The film finds him and his mother Margie (Marisa Tomei) on their own after Claire heads off to college. When Scott’s acting-out brings another firefighter, Ray (Bill Burr), to their door, Margie finds new love, much to the dismay of her large adult son, whose grief keeps him fearful of expressing himself.
Davidson and his SNL writing partner Dave Sirus co-wrote the script with Apatow, and there’s a heavier-than-needed portion of the latter’s tendency towards improvisation.
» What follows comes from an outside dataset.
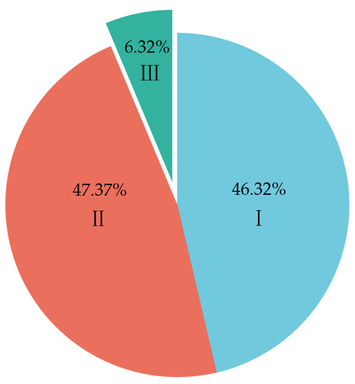 The proportion of three categories of CBL samples: (I) strong; (II) weak; (III) none.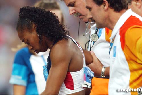 在當(dāng)?shù)貢r(shí)間22進(jìn)行的女子100米跨欄比賽中,美國選手Gail Devers因摔倒而不得不離開賽場。

The director has admitted that he’s trying to make comedies with dramatic heft, in the tradition of Hal Ashby and James L Brooks, but as with most of his films since Knocked Up, Apatow shoots absolutely everything, improvisation and all, and then tries to keep as much of it in as possible.
That approach doesn’t work here, in a film where Scott and some of the supporting characters surrounding him are painted as obnoxiously as possible. Ultimately, the first 90 minutes severely dilutes the last 45, where the film really comes into its own. In no hurry to get to the point, the first section does offer a few big laughs, but they’re crammed in like off-cuts from Davidson and Sirus’ sketch-writing.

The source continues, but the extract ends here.